YOUR ASSIGNMENT: Go through the lines below. Copy those with "place".

SOURCE INFORMATION:
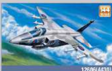
SEPECAT JAGUAR A lightweight support aircraft, this British and French jet can carry a vast array of weaponry, including the ANS2 tactical nuclear weapon.
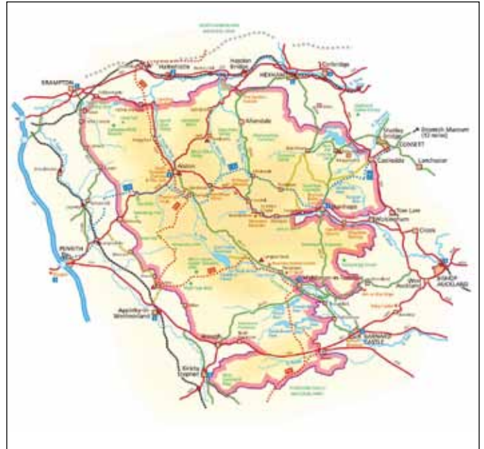
North Pennines – Area of Outstanding Natural Beauty

The North Pennines AONB is one example of an AONB and is described below.
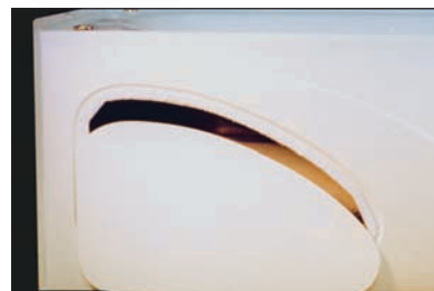
Optional Removable Access Panel
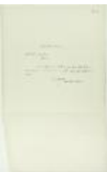
Copy of telegram, signed Passengers, sent to Governor General re shortage of water (2021_07_10703)
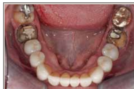
Figure 12: The lower molars were prepared for full-coverage crowns at the same appointment as the uppers.
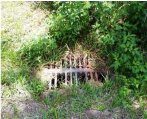
Figure 6: Example of vegetation obstructing flow in drain
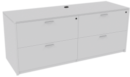
Matte White Credenza with Double Lateral Files
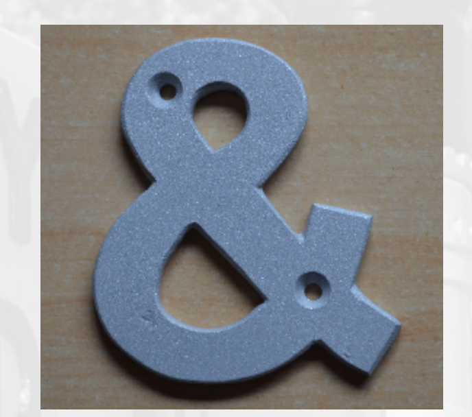
Some 'specials' can be hand made by us
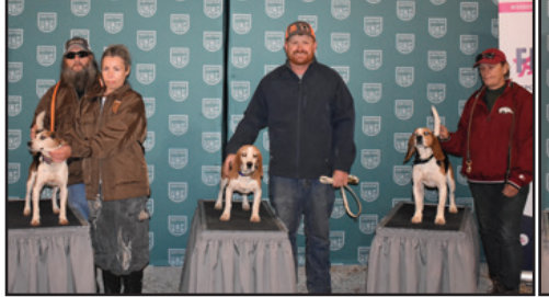
National Chase All-Age Cast 1

The Overall All-Age Winner received $1,000, a trophy, a certificate for a Winners Jacket from UKC, and a Dog Box from Evans Dog Boxes.
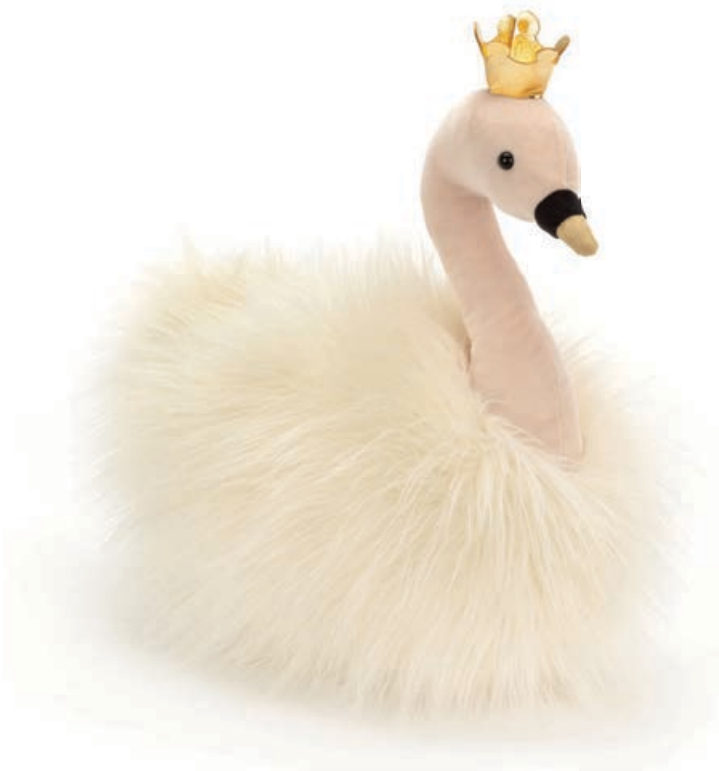
NEW FANCY SWAN FLUFFY FA2S 34 x 38 x 13cm
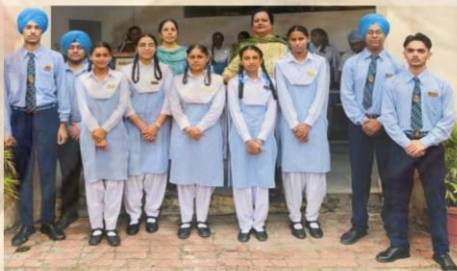
XI Sci. A
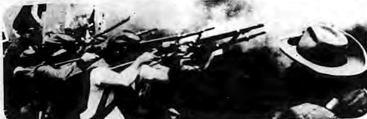
BICENTENNIAL: The 4th Virginia Regiment of the Stonewall Brigade, Civil War buffs, will be a highlight of Hicksville's April 19 program

The Mid Island Plaza Antiques Show and Sale will feature a full range of antiques, from inexpensive items and collectibles to valuable works of art. The show will be open to the public from 10 a.m. to 9:30 p.m. There is no admission charge.
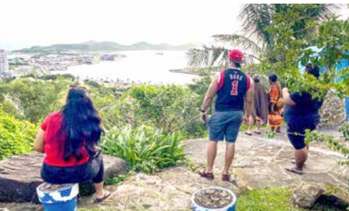
People look out toward the seafront from the Vierge du Pacifique in Noumea after an earthquake hit the island

warnings for coastal areas within 1,000 kilometres (620 miles) of the epicentre, which lay east of the French Pacific territory of New Caledonia.
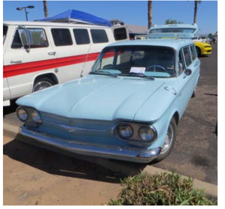
Bill's Lakewood won the 3rd place trophy in the early model car class.
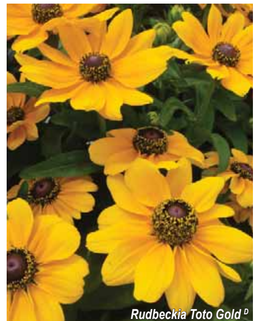
Rudbeckia Toto Gold D
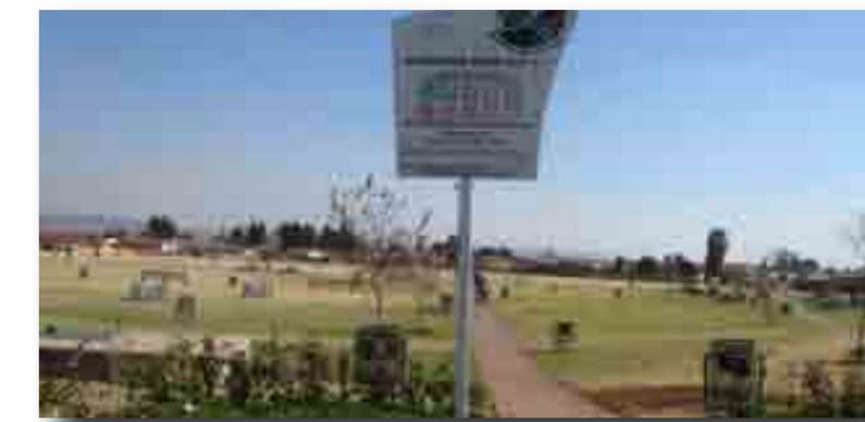
Eldorado Park Ext 3, Region G

Accelerated interactions with media, residents and key stakeholders. Hosted Mandela Day, Arbor Day and The Clean City Campaign. Issued statements on various seasonal service delivery issues.
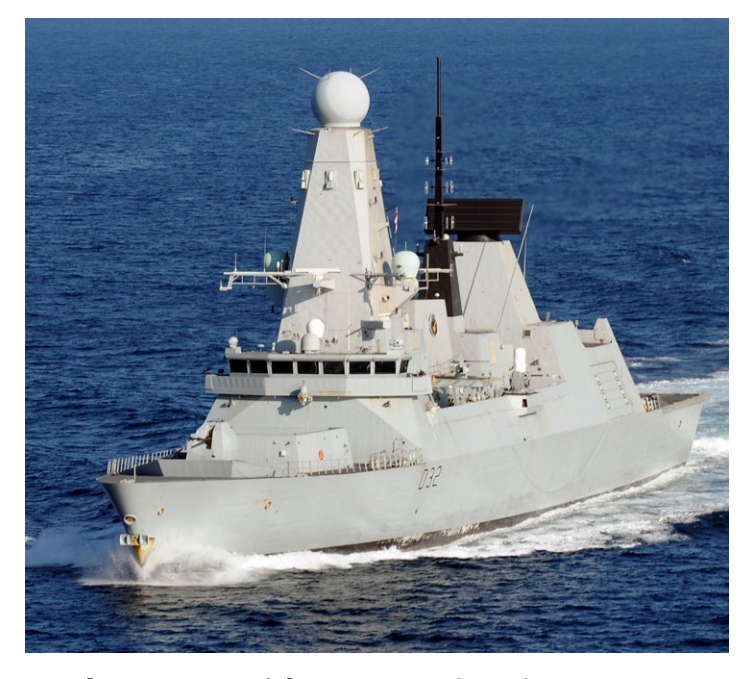
Royal Navy Type 45 destroyer HMS Daring.

its place on the line alongside India's two carriers against Pakistan and its Chinese 'advisors'. Yet this clash of Commonwealth members also presents a stark, yet limited, test for carrier air power vs the new generation of sensors and anti-ship missiles in the 21st century. Will the RN's flagship help give India the edge in this 'come as you are' war, will it be a re-run of the Falklands ('a damned close-run thing') or even worse a humiliating defeat - accelerating the loss of prestige for post-Brexit UK?
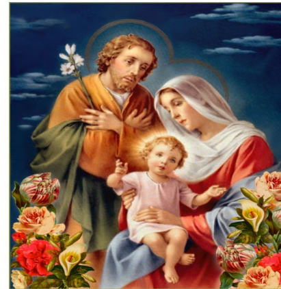
The Holy Family of Jesus, Mary & Joseph

Saturday - 5:00 p.m. Sunday - 6:45 a.m. & 9:30 a.m. Tuesday - 8:00 a.m. Wednesday - 5:30 p.m. Thursday - 8:00 a.m. Friday - 9:00 a.m. First Saturday - 8:00 am
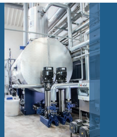
Fully-automatic water treatment via the WSM-V water service module
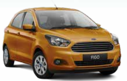
Korea Gold (Pearlescent*)

RESPONSE:
Bill's Lakewood won the 3rd place trophy in the early model car class.
its place on the line alongside India's two carriers against Pakistan and its Chinese 'advisors'. Yet this clash of Commonwealth members also presents a stark, yet limited, test for carrier air power vs the new generation of sensors and anti-ship missiles in the 21st century. Will the RN's flagship help give India the edge in this 'come as you are' war, will it be a re-run of the Falklands ('a damned close-run thing') or even worse a humiliating defeat - accelerating the loss of prestige for post-Brexit UK?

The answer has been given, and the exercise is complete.